A few points to leave with you today:

  • The status of God’s children doesn’t change. There’s not some sin you can pull or mistake you can make that he doesn’t already know about and that wasn’t already demolished on that cross.
  • God loves your story. He brought Israel through the millennia-long epic of redemption. He even used all the ugly parts and the less-than-great people along the way. He’ll do the same with you—there’s no part of your life that he can’t use to redeem you. He doesn’t want you to be someone else, but you—fully and completely and authentically as he made you.
  • Jesus is the way to life. Just as Moses laid out the way of life, so did Paul—the life of dependence on God’s Spirit, not our own strength. God didn’t put morals, ethics and standards in place so we could “earn” his love.

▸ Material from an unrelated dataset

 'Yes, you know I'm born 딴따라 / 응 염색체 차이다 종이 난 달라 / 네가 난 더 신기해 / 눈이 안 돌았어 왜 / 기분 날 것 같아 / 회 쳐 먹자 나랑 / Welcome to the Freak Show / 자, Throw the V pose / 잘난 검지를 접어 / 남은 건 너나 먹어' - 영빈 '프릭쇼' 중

He also didn’t put those standards there to kill your joy, but to call you into it; the joy of loyalty instead of rivalry and back-biting; the joy of sharing and harmony rather than brutal competition and one-upmanship; the joy of purity and commitment rather than promiscuity.

In Christ, you are a new creation. He cleared your connections to God. Let his Spirit flow through you today to heal the world and bring you home to who you really are.

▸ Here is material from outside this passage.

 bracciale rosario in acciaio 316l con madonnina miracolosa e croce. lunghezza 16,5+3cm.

Small Group Discussion Questions

Questions for Speaking of Life “Come Drink”

Watch video to start

  • Have you ever been to the desert? Have you spent time in a place (ocean, desert, mountain peaks) that doesn’t naturally sustain human life? What’s the experience like?
  • We talked about the “thorns and thistles within” that we experience sometimes in the present day. Our external needs are met, but internally we are dying of thirst. Do you agree? How do we counteract this?

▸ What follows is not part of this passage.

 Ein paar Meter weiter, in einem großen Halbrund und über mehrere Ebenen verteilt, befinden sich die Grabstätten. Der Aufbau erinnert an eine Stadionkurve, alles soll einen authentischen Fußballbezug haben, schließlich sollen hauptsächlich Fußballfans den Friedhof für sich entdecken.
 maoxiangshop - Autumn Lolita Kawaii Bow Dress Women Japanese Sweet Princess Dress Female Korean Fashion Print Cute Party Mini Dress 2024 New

Question for sermon “We, the Uncondemned”

Begin by reading Romans 8:1-11

  • This passage begins with the promise: “There is therefore now no condemnation for those who are in Christ Jesus.” (v. 1, ESV). That is the foundation of the Christian life—that we can’t be loved any more or any less than we are right now. Does this change or enhance your perspective on what it means to be a Christian?
  • We talked about how the morals and ethics that God lays down for us have nothing to do with whether we are loved and accepted by him. They are the path to living the best life and being the best human beings. Do we think of God’s laws in this way? The gospel says to know Christ is to know life (John 10:10 and elsewhere), not just to “go to heaven” or to “be good.” Does that change our perspective?
  • Christ was not God’s plan B, but was the completion and crescendo of the story. How does that theological fact help us to further understand the Gospels and the character of God?
  • Do you believe God can redeem your story? Have you seen this happen

Quote to Ponder:

“If I have a hope, it’s that God sat over the dark nothing and wrote you and me, specifically, into the story, and put us in with the sunset and the rainstorm as though to say, enjoy your place in my story. The beauty of it means you matter, and you can create within it even as I have created you.” ~~Don Miller

One thought on “Sermon for July 12, 2020”

  1. This was an excellent sermon from start to finish! It’s not what I would call simple but rather descriptive so that my mind had a flow of word pictures all through out which made “We, the Uncondemned” interesting, understandable, thought provoking, inspiring and encouraging. It’s amazing to think of ones self as a story within a story that only God could write!